┌──

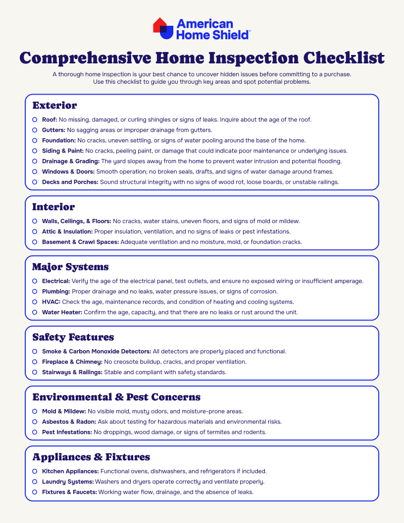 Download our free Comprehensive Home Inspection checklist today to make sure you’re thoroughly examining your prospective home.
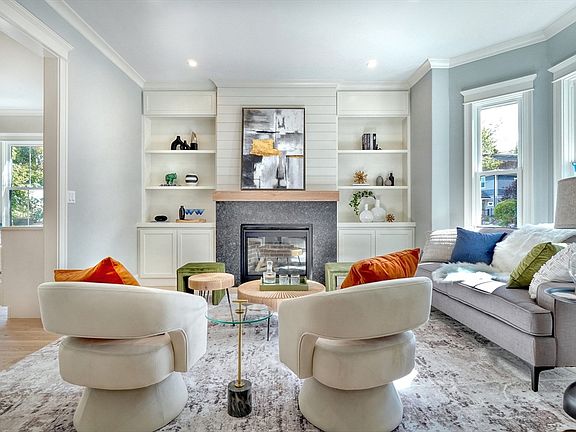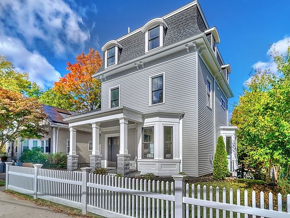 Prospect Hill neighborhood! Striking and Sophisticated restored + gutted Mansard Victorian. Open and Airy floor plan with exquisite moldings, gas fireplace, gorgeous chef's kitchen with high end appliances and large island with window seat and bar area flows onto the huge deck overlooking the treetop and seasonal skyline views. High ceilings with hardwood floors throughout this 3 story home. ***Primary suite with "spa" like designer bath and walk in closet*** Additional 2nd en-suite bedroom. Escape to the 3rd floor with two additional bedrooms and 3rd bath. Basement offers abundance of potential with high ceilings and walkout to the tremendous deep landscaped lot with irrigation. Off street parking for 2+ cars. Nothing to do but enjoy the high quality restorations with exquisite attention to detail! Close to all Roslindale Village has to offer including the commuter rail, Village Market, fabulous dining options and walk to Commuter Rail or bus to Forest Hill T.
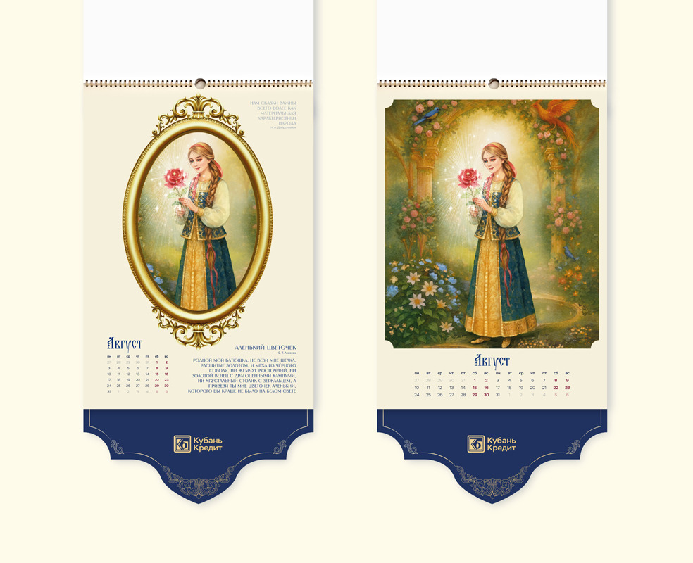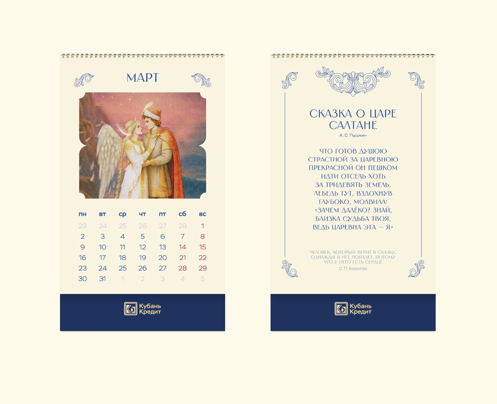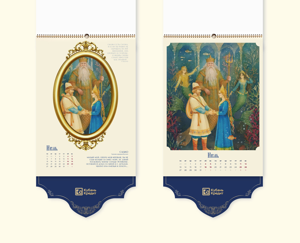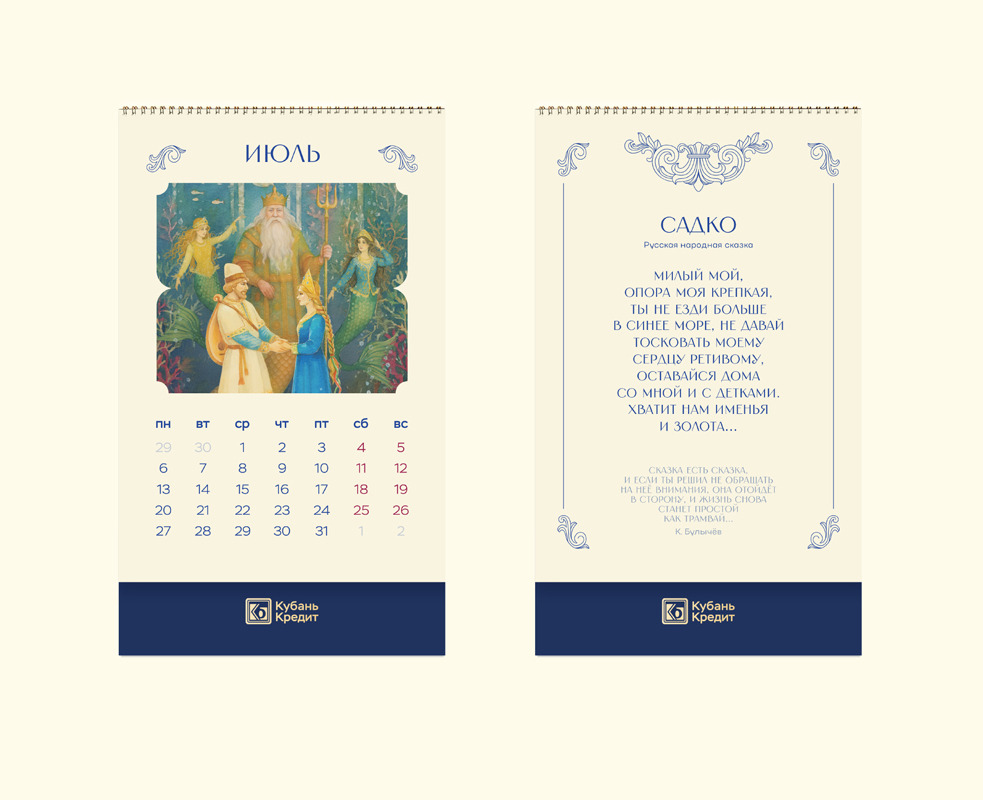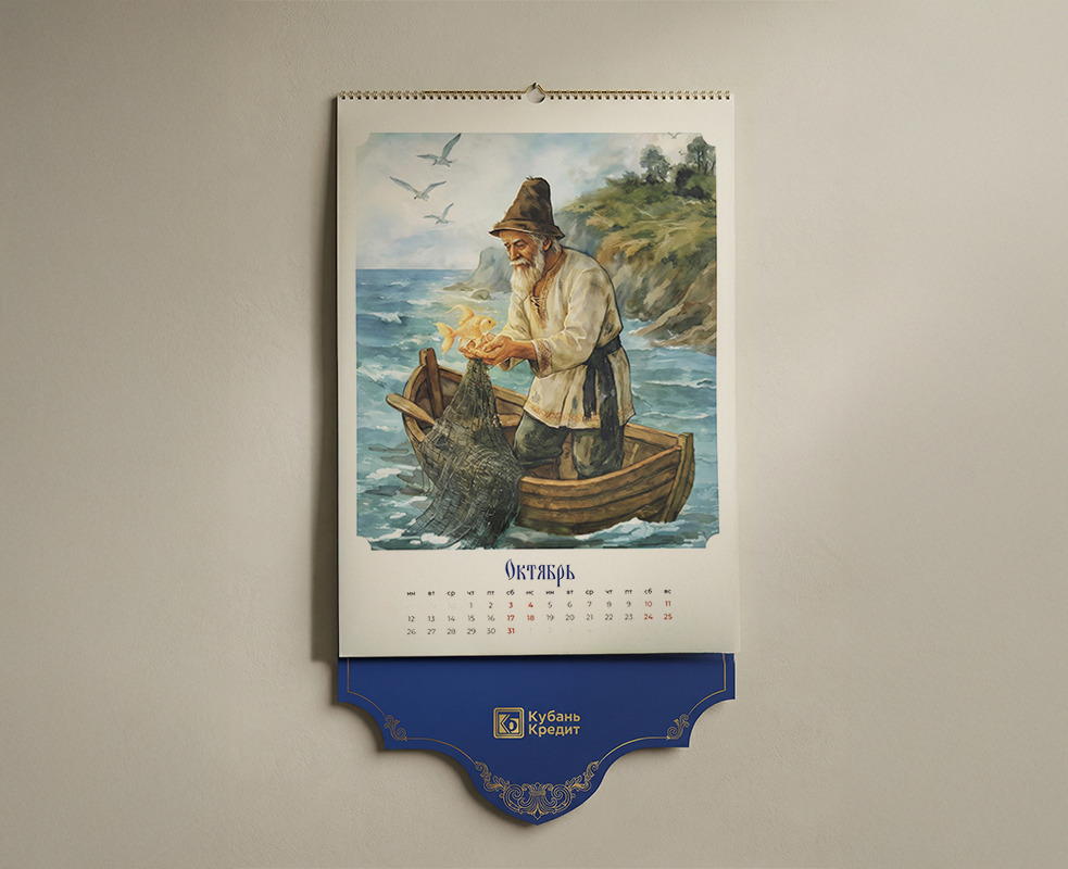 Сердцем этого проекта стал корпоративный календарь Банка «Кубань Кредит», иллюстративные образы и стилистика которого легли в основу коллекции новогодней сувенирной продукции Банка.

└──

● **REQUIREMENT**: The result should be every line of the data, reproduced exactly, with the images removed.

● **YOUR SOLUTION**:
 Download our free Comprehensive Home Inspection checklist today to make sure you’re thoroughly examining your prospective home.
 Prospect Hill neighborhood! Striking and Sophisticated restored + gutted Mansard Victorian. Open and Airy floor plan with exquisite moldings, gas fireplace, gorgeous chef's kitchen with high end appliances and large island with window seat and bar area flows onto the huge deck overlooking the treetop and seasonal skyline views. High ceilings with hardwood floors throughout this 3 story home. ***Primary suite with "spa" like designer bath and walk in closet*** Additional 2nd en-suite bedroom. Escape to the 3rd floor with two additional bedrooms and 3rd bath. Basement offers abundance of potential with high ceilings and walkout to the tremendous deep landscaped lot with irrigation. Off street parking for 2+ cars. Nothing to do but enjoy the high quality restorations with exquisite attention to detail! Close to all Roslindale Village has to offer including the commuter rail, Village Market, fabulous dining options and walk to Commuter Rail or bus to Forest Hill T.
 Сердцем этого проекта стал корпоративный календарь Банка «Кубань Кредит», иллюстративные образы и стилистика которого легли в основу коллекции новогодней сувенирной продукции Банка.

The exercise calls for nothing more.